Please try in this fashion, It is perfectly working for me.
Working example:
val query = df.writeStream
.outputMode("append")
.format("console")
.start().awaitTermination();
If you write in this way that will cause exception/ error:
val query = df.writeStream
.outputMode("append")
.format("console")
.start()
// some statement
// some statement
query.awaitTermination();
will throw given exception and will close your streaming driver.
i fixed issue by using following code.
val df = session
.readStream
.format("kafka")
.option("kafka.bootstrap.servers", brokers)
.option("subscribe", "streamTest2")
.load();
val query = df.writeStream
.outputMode("append")
.format("console")
.start()
query.awaitTermination()
Kindly remove ds1.collect.foreach(println) and ds1.printSchema() , use outputMode and awaitAnyTermination for background process Waiting until any of the queries on the associated spark.streams has terminated
val spark = SparkSession
.builder
.appName("StructuredNetworkWordCount")
.config("spark.master", "local[*]")
.getOrCreate()
val ds1 = spark.readStream.format("kafka")

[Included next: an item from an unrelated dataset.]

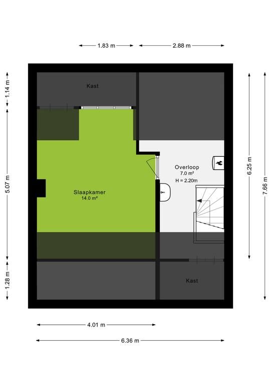Via een vaste trap is de volwaardige 2e verdieping te bereiken. De overloop biedt veel opbergruimte, hier is een handige wastafel aanwezig en de C.V.-ketel staat hier opgesteld. De slaapkamer op deze verdieping heeft een afmeting van ca. 14m². Ideale ruimte om als hobby-, sport-, werk-, logeer- of slaapkamer te gebruiken. De dakkapel op deze verdieping zorgt voor heerlijk veel lichtinval en vergroot echt het woongenot.
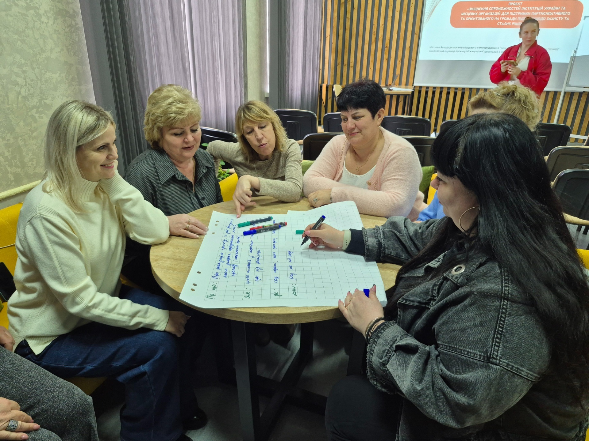 Під час сесій представники органів місцевого самоврядування, закладів освіти та охорони здоров’я, громадських організацій та активні мешканці громади спільно працювали над напрацюванням механізму громадського моніторингу реалізації двох важливих для громади проєктів:

.option("kafka.bootstrap.servers", "localhost:9092")
.option("subscribe", "topicA") .load()
val consoleOutput1 = ds1.writeStream
.outputMode("update")
.format("console")
.start()
spark.streams.awaitAnyTermination()
|key|value|topic|partition|offset|
+---+-----+-----+---------+------+
+---+-----+-----+---------+------+
I was able to resolves this issue by following code. In my scenario, I had multiple intermediate Dataframes, which were basically the transformations made on the inputDF.
val query = joinedDF
.writeStream
.format("console")
.option("truncate", "false")
.outputMode(OutputMode.Complete())
.start()
.awaitTermination()
joinedDF is the result of the last transformation performed.